Pinpointing critical mutations
In anticipation of reaching that point, what sort of approach would reveal the potential extent and contribution of neuronal somatic mutations to human suffering?The human brain represents an enormously intricate puzzle, assembled from neurons derived from a series of committed progenitor cells. Lineage-tracing studies have shown that cohorts of neurons are often derived from the same ancestor, and that specific neuronal subtypes arise from common precursors. In certain brain regions, such as cortical columns, functional circuits are assembled from sibling cells that share a somatogenetic heritage. Thus, an entire neuronal circuit, or an anatomically defined structure, or the majority of cells with a specific neuronal phenotype, may exhibit the same gene alterations originating from a common precursor cell. Although the technology and skills exist today to dissect out such structures, and even to purify specific cell populations, from which DNA could be extracted, one would ultimately prefer to analyze the entire genome of individual neurons—but this is beyond current capability.

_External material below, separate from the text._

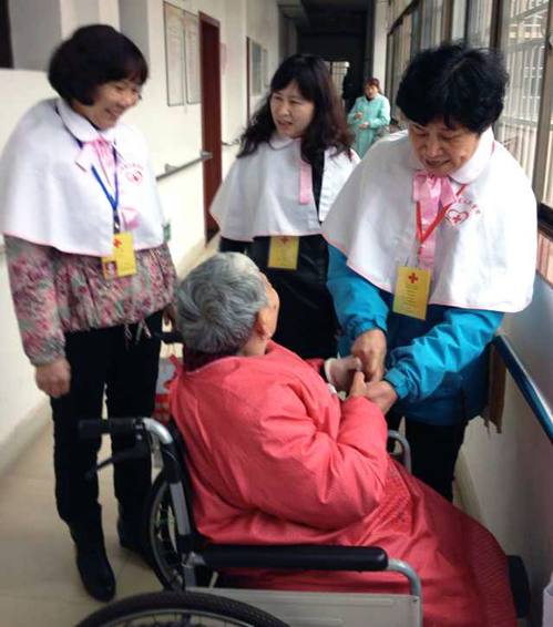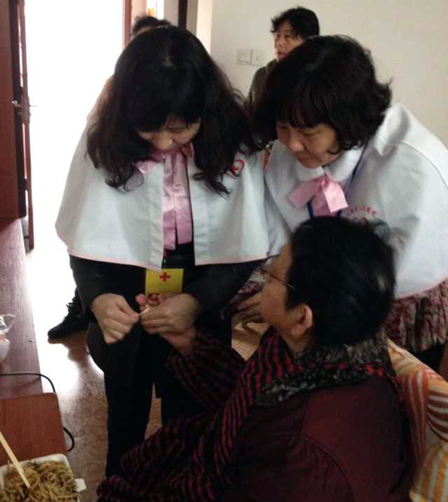 下午3时,志愿者们带着血压计、血糖仪,分成2组,对养老院的66位老人逐个巡诊、为他们量血压、测血糖、健康评估。给长期卧床的老人按摩行预防褥疮护理、根据老人功能缺失的状况,分别给偏瘫肢体进行功能训练;给老人饮食、用药方面的耐心讲解和指导、对他们的健康状态统一登记,还建立失能老人个人档案,便于志愿者们对老人的病情掌握,和延续护理。为了培训一批带不走的老年介护人员,她们还把老年病护理的相关知识手把手传授给养老院的护理员们。她们对我们的爱心行动深表敬意和钦佩。

Deep sequencing, which can generate many hundreds of reads through each gene, allows the application of statistical tools to assist in the identification of mutations that exist in only a relatively small number of neurons within a sampled brain structure.
All we need for this approach to work is a few good brains. While a normal brain would suffice, assuming it is no longer of use to its former owner, this would only allow detection of the general rate of somatic mutation in the nervous system without reference to disease. Ideally, it would be best to investigate both normal brain tissues and brain tissues from individuals with clearly documented diseases, akin to what is now being done with cancer genomes. Multiple samples from distinct brain regions, some representing specific cell lineages, would be best compared in parallel to constitutional DNAs from the same individuals, to document their personal neuronal somatic genome. In some disease states, certain neuroanatomic features have already been described that could serve as a focus for sequence analysis.
The information gleaned from deconstructing the somatic brain could be a “game changer” in our understanding of so many uniquely human, devastating conditions. All it takes is the will (and, of course, a substantial commitment of funding).
Tom Curran is deputy scientific director of the Children’s Hospital of Philadelphia Research Institute and professor of pathology and laboratory medicine at the Perelman School of Medicine at the University of Pennsylvania. Currently, the Curran laboratory studies brain development and pediatric brain tumors.